- [What needs to be done]
Whenever a line in the material below contains "Berkeley", copy that line.

======== Data under study ========

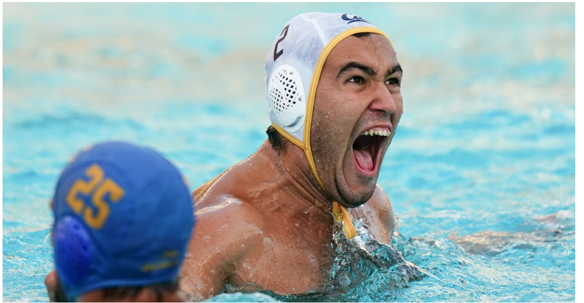
UC Berkeley wins third straight NCAA Men's Water Polo Championship.

in the NCAA Division I water polo championship will undoubtedly be marked in the archive of sports history, showcasing the indomitable will and spirit of UC Berkeley's athletes.
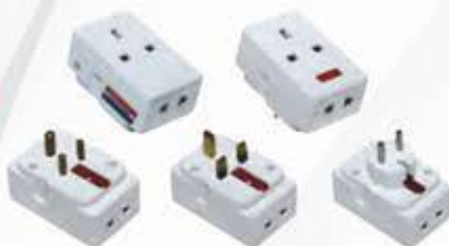
MS1927 MS1928 MS1929 MS1927L MS1928L MS1929L
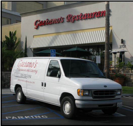
We'll deliver to your event

For only $12.95 per person, you and your group can enjoy a feast of high quality Italian food. It's delicious, convenient and is a great value. 🍷
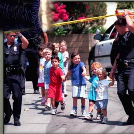
Sandy Hook Elementary School
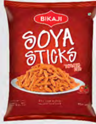
SOYA STICKS TOMATO BITE
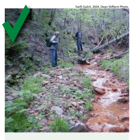
FINAL OUTCOME: Bill vetoed by governor; veto override successful.
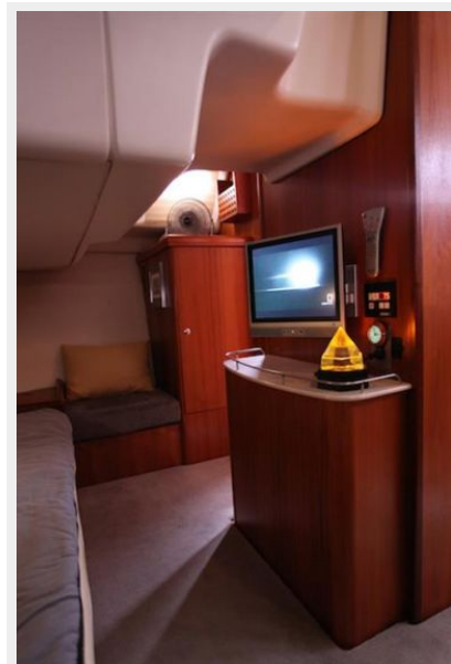
38' Hunter aft stateroom photo3
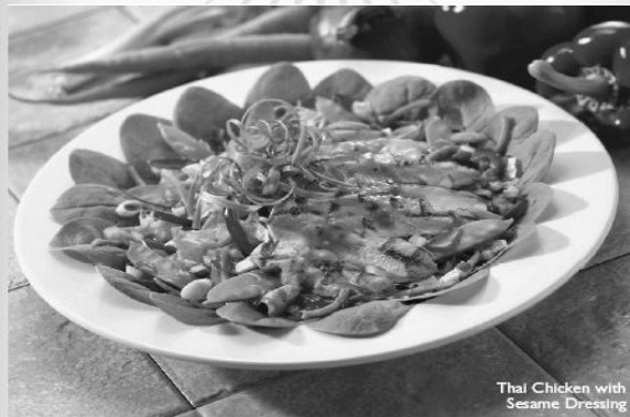
Thai Chicken with Sesame Dressing

Eating fit! A healthy serving of healthy servings

========

- [Solution]
UC Berkeley wins third straight NCAA Men's Water Polo Championship.
in the NCAA Division I water polo championship will undoubtedly be marked in the archive of sports history, showcasing the indomitable will and spirit of UC Berkeley's athletes.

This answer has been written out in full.